Saturday was our first Ligonier Country Market of the season. We spent Thursday, Friday, and Saturday in “crazy market mode.” Preparing for market is always a mix of anticipation, excitement and stress…probably with an emphasis on stress. Every year, the week of market, I think I’m not doing too badly. I have a solid inventory, I have my key components, I check, recheck, and check again my check list of supplies. Inevitably, Thursday and Friday, I feel as though I need another week. This year, it was the same pattern. At noon on Friday, I asked my bibbed wonder if I should put the canopy for the tent in the wash…his exasperated response was, “Yes, if it were the first Sunday following the last market!” and he gave me the duh, face. You know the duh, face I’m talking about. On that particular day, at that particular moment, with that particular duh face, I wanted to smack the duh, right off that handsome bald head. It is a very good thing The Bibbed Wonder and I don’t stress about the same things. You see, he is stressed over the fact that the SKU#’s are not in order, the fact that I have failed to document every ounce of inventory we have packed, and that the cash in the cash box is not all going in the same direction. I on the other hand, have packed the inventory in the ROY G. BIV order I find aesthetically pleasing, am stressed because not all my soap tags are the same size, and we are not permitted to have table covers so the legs of the table are showing…Egad, I cannot live like this! We finally finished our market insanity at 10 o’clock on Friday night.

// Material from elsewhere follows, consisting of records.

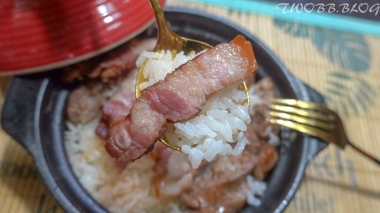 臘肉不拿來做臘味蒸飯實在有點可惜阿,所以還是不免俗來一道。但傳統的臘味飯味道比較重而且還有臘腸,最後還會淋上醬油。為了不要過多的負擔,這邊就沒有再額外淋上醬油,完全使用臘肉及香腸本身的肉汁滲透米飯中,臘肉油香味完全與米飯融合實在是太讚啦!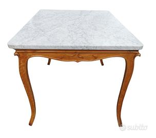 Tavolo, inizi sec. XX, piano in marmo bianco, struttura in acero, fascia centinata intagliata a motivi fioriti, gambe mosse, cm 130x91x h 81, spessore piano cm 3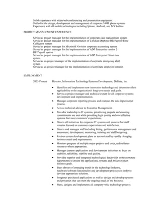 This document is a resume for Kathryn I. Tetreault, an experienced IT Director with over 20 years of experience leading the implementation of corporate systems and managing IT departments. She has extensive experience in areas such as system development, computer support, database design, networking, and project management. She holds several IT certifications and degrees focused on information technology and project management. The resume provides details on her technical skills, work history managing IT for nonprofit organizations, and accomplishments implementing various software systems and technologies.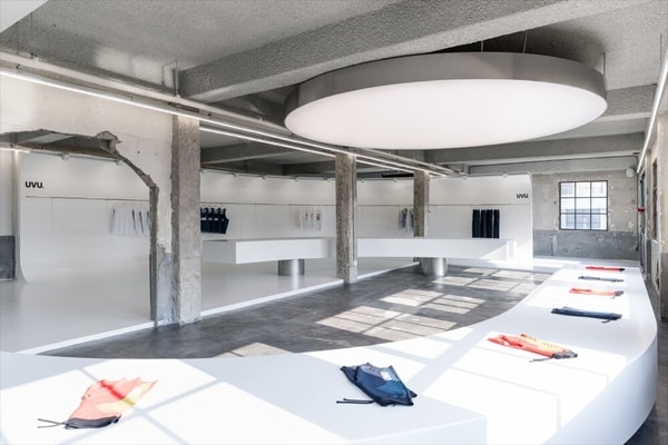 UVU opened its first permanent flagship store in Seoul’s Seongsu district, created with London studio two-fold and featuring a reused industrial shell with a signature inserted curved wall that displays apparel on a single rail. The two-level, 400 sqm space keeps original concrete and brick while introducing white-dipped flooring and a light-filled retail floor one level up with a reception/event ground floor and multimedia installation at the entrance.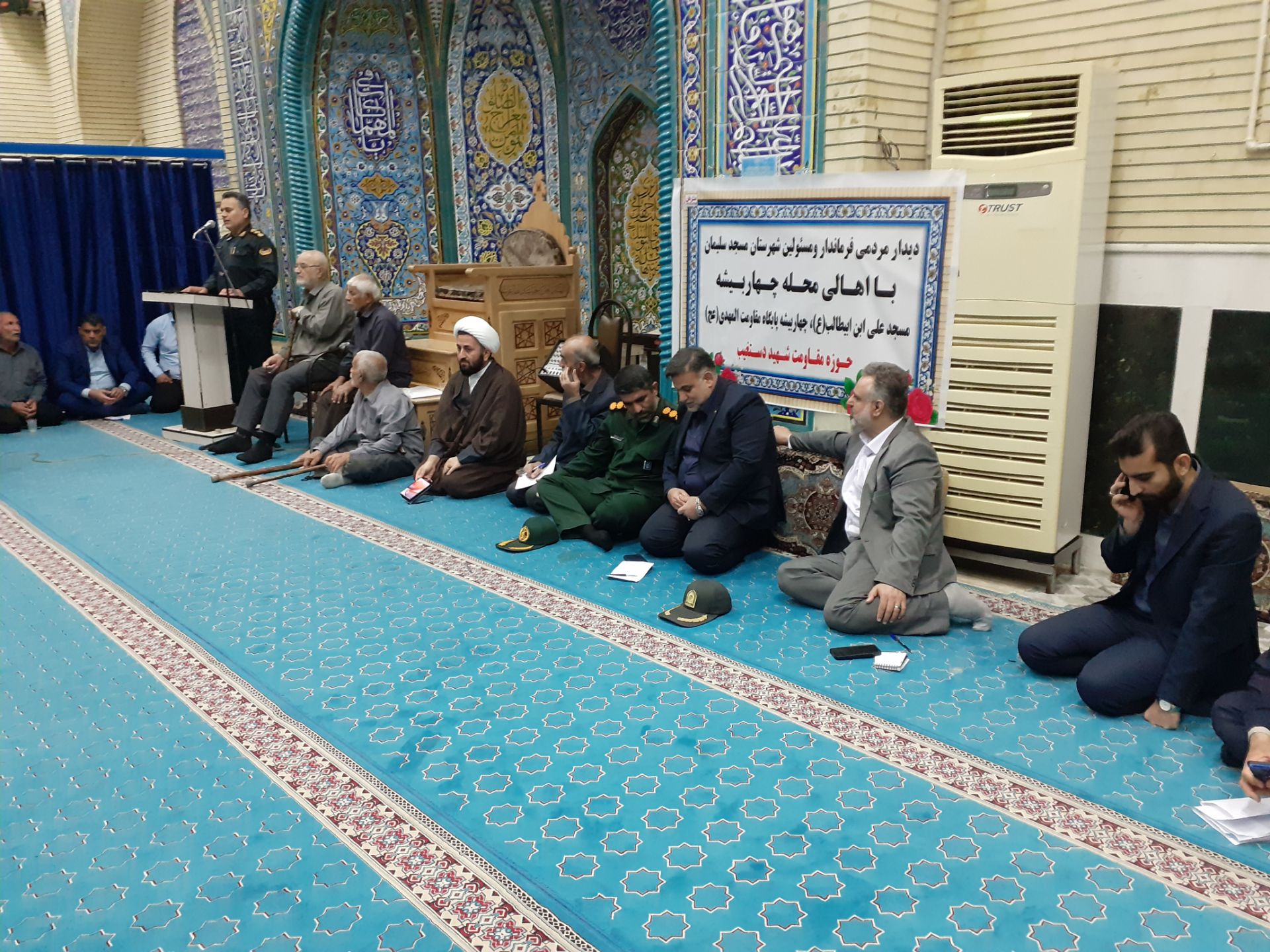 در ادامه جلسات فرماندار در مساجد ،این هفته پیمان جهانگیری فرماندار مسجدسلیمان ،شورای تامین وشورای اداری مسجدسلیمان در مسجد علی بن ابیطالب چهاربیشه میهمان اهالی این محله بودند

Welcome 2:30 Saturday morning! We were up, taking care of barn chores, taking care of minute details and making ourselves presentable for the public. I believe it is unacceptable to appear in public in my faded black yoga pants, messy soap hair, and minimal make up. I forgot how much work it takes to look presentable. When we arrived at market at 5:30, it was daylight and the usual die-hard crowd was there. It took us forever to get set up but I must admit, we spent a lot of time visiting and catching up. I felt like I had awakened from hibernation. I did not realize how much I missed human interaction. That would be the theme of the day. I tend to be on the chatty side anyhow, but remove me from quarantine put me with people I missed and enjoy and I felt like a kid in a candy store. I simply could not get enough conversation in.
It was so nice to feel the buzz of market, see people out and about, catch up on all that is happening in their lives, and feel a bit of normalcy again. Market was different this week, I was not blind to the change but it was still wonderful to be there. By the time noon came around, I was feeling what we call “the after market drag.” The buzz has quieted, the adrenaline has slowed, and we are ready for some quiet time and a nap. Our bean fell asleep as soon as her little bottom hit the seat. Eric and I chat the whole way home, just to ensure we make it there safely and we discussed our day and our conversations.
What we gleaned from all our interactions was that everyone has a different take on this virus thing. Everyone is handling it to the best of her or his ability and probably most importantly, everyone is fighting their own battle. I have discussed in depth our perception of the pandemic. We choose to err on the side of caution for our bean’s health and well-being. However, my very dear friend has a special needs adult daughter and they are fighting a different battle. Staying in, staying safe and wearing a mask does not work for them. Wearing a mask creates so much anxiety for our friend’s daughter that her anxiety medication had to be increased. The disruption of her schedule has caused her to regress in behaviors, and my dear friend is at her wits end.
Another well loved customer, is fighting for the safety, well being and proper care for her elderly clients. Yet another well-loved customer is immune compromised and is having anxiety about going out in public and getting back to day to day life. A dear friend has a son working the front lines and a daughter studying in a foreign country. Her stress and anxiety for her children is beyond my comprehension. There are others who have had it with the safety protocol, the social distancing, and the uncertainty and are forcing themselves to return to life pre-pandemic. I don’t know what the correct answer is. I don’t know if there is a correct answer. I do know, it was good to see friendly familiar faces, hear personal stories, and make that connection. I missed you all and I am so happy to be back. I am certain, we will make it through this, and I am even more certain we will make it through this together. So, whatever your struggle, whatever your answer, stay safe, stay smart, and keep on washing your hands. Soap will continue to fight the good fight for you.